[This article was written by Dr. Benjamin Hummel]
Every software system has been built by copy & paste at least to some degree. Some of this redundancy is caused by technical limitations in the languages and tools. Some is caused by time pressure, where duplicating and modifying an existing piece of code is faster than developing suitable abstractions. Some is also caused by the laziness of the developers or missing awareness of possible long-term consequences. While these duplications often work fine when they are created, they typically cause additional maintenance overhead during software evolution, as duplicates have to be changed consistently. But the real risk of these duplications is in inconsistent changes, as this frequently leads to actual bugs in the system.
How serious is this problem?
Duplicated source code created via copy & paste (also called code clones) is something we encounter in every software system to some degree (if you want an introduction to code cloning and clone detection, read my introductory posts here and here). The amount of cloning, also known as clone coverage, ranges between few (3 to 5) up to 30 or 40%, depending on the system and the kind of measurement used. There are also outliers with more than 80% of cloning, but on average, a project that does not employ any counter measures (such ascontinuous quality control) can be expected to have at least 15% of clone coverage. An example of such a clone is shown below.
One of our studies revealed that about half of inconsistent changes, where the developer was not aware of the existing duplicate, lead to a bug in the system, ranging from inconsistent logging to actual data loss. At the same time, the study found that without additional tools, about one third of inconsistent clone changes are performed unintentionally. In these cases, the inconsistent change was not an educated decision of the developer, but the developer was not even aware of the duplication.
Put together, we can expect about one sixth of all changes in clones code to cause bugs in the software (or prevent duplicated bugs from being fixed in all places). Assuming 15% clone coverage and an equal distribution of changes across the system (which might be an oversimplification), we can assume that more than 2% of all changes to the system lead to these inconsistency bugs. While this number seems small, just multiply it with the number of developers on your team and the amount of code touched by each developer every week and you get an idea of the risk of cloning.
This also matches our experience, as we frequenty encounter cloned code, where comments hint at two separate change requests for a bug fix. There, a bug was found and fixed in one part of the code, but the propagation of the fix (the removal of the inconsistency) was performed later when the bug was also found at the other location. For the clone example shown before, there was a change (shown below) for only one of the locations, which looks like a consistent application to all copies would be required.

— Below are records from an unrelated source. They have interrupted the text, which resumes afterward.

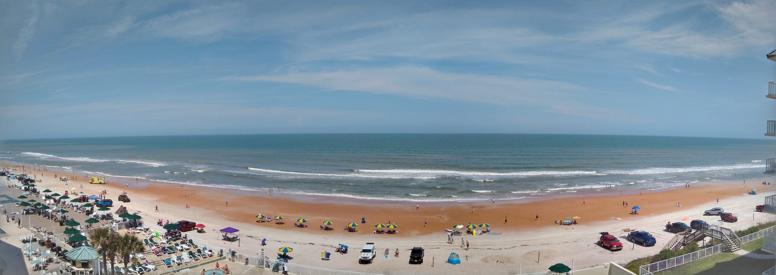 We crossed from the gulf side of Florida to the Atlantic and Ormond Beach. This time we had a small ocean front studio. Great view of the ocean, but the studio had an interesting layout. There’s an outside exit door in the bathroom. Weird, right?
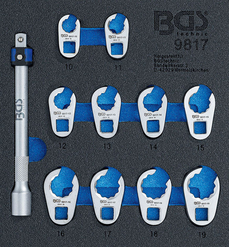 MODULO PER CARRELLO: 11 PEZZI, CHIAVI A ZAMPA DI GALLO, ATT. 3/8” BGS9817
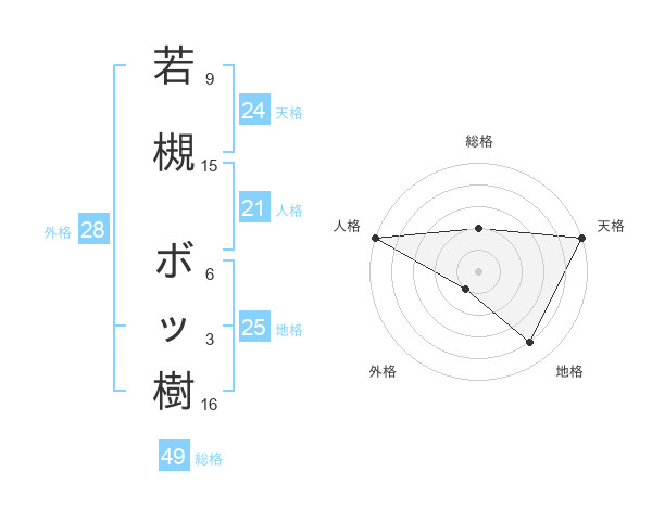 若槻 ボッ樹さんの天格は24画の5点!

Preventing inconsistent modification
One possible reaction to the threat from inconsistent clone changes is to get rid of as many clones as possible. While this has other benefits, such as potentially reduced maintenance and testing costs, especially for grown code bases, this is nothing that can be performed in short time and is also not recommended.
A better solution is to educate developers and provide suitable tools that provide information about duplicated code to the developers as seamlessly as possible. While there are many tools for finding code clones, the developers can usually not be burdened with the execution of yet another tool. Similarly, checking a separate dashboard before every code change is not really a productivity boost. From our experience, the information has to be present in the code editor of the developer all the time. Only then, they might notice the clone and perform consistent fixes or even refactor the clone. This is essentially what our own tools do and with this we had a huge impact on the quality of our customers’ code bases.
Still, developers can miss clones, either due to time pressure or because the current task is too complex to allow any thought about quality issues. For these cases, it would be good to be notified of any inconsistent changes, so the developer (or a reviewer) can check these cases separately. Performing this kind of analysis in the nightly build is hard, as usually too many changes are accumulated over the day to get reliable results. Other approaches perform a full repository analysis that can take weeks to complete. Surely nothing you want to do regularly. Incidentially, our own analysis tool Teamscale uses incremental analysis to inspect every single commit in real-time. With only a minor modification, we now check every lost clone in each commit, for whether the cause might be an inconsistent modification. If so, the commit is flagged in the web UI and the developer (plus any other group you configure) gets informed by email. This way, inconsistent changes never get lost. The example given in the pictures was also found by Teamscale. The corresponding alert (shown below) indicates that this commit actually was a bug fix, but the developer seemed no to be aware that the same code (including the bug) was used elsewhere.